Earlier in the week, Jones was set for a stint as 19th man with Knights regular Lachlan Fitzgibbon deemed fit to play after recovering from finger surgery.
All that shifted straight after Newcastle's captain's run at McDonald Jones Stadium on Saturday, learning from head coach Adam O'Brien he'd join fellow Hunter products Tex Hoy and Chris Randall as NRL debutants with Fitzgibbon suffering a hamstring strain.
"Fitz got hurt in the last 30 seconds so I didn't even realise that it happened," Jones said.
"We were all around listening to the debut songs [Hoy, Randall]. Once they finished singing, Adz [O'Brien] came over, grabbed me by the shirt and said 'mate you're playing'.
"I was just shocked. I didn't know what to say. I thought is this real?"
After contacting his family, partner and close friends, Jones found himself "trying to get his head around it" and, a few more nerves than normal the next morning, was boarding the team bus en route to Sydney's south west.

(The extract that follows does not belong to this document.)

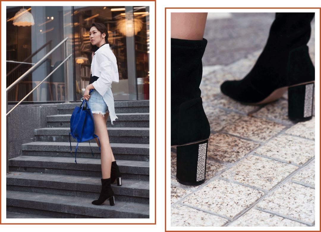 介紹了這麼多長靴,也想安利這對同樣百搭的短靴給你們,這一款的特色是鞋跟後有一排閃閃發光的透明小水晶。

Come 4:05pm Jones took his place on the bench, but following game-ending blows to halfback Mitchell Pearce and hooker Connor Watson, he was in the thick of the action sooner than anticipated and continued unchanged for 82 minutes.
"I wasn't expecting to be playing 80-odd minutes. I suppose I was thinking 15-to-30 minutes depending on how things went," he said.
"Rory [Kostjasyn on the Knights coaching staff] gave me the call and said be ready. Within 15 seconds I was on and then it all went quick."
Jones handled the step up in grade, contributing 51 tackles and making 65 metres from six runs, and helped the Knights rebound from 14-0 down nearing half-time.
"I wouldn't want it any other way," he said.
"I was thrown in the deep end and I loved it.
"It was unreal. I was over the moon."
Making the occasion even more "special" was mother Natalie, sister Ali and partner Chelsea in the stands, courtesy of opponents Penrith, while father Glenn tuned in from Quorrobolong.
The NSW junior and Australian Schoolboys representative, who took up the sport after a brief soccer career with the Bellbird Bombers, started at the Knights in a summer squad aged 15 and has since worked his way through the ranks via Harold Matthews, SG Ball, Under 20s and most recently NSW Cup.
Jones has now followed in the NRL footsteps of fellow Cessnock players such as Joel Edwards, Billy Peden and most famously the Johns brothers, and gets another chance this Sunday when he lines up against joint ladder leaders and last year's grand finalists the Canberra Raiders at the same venue.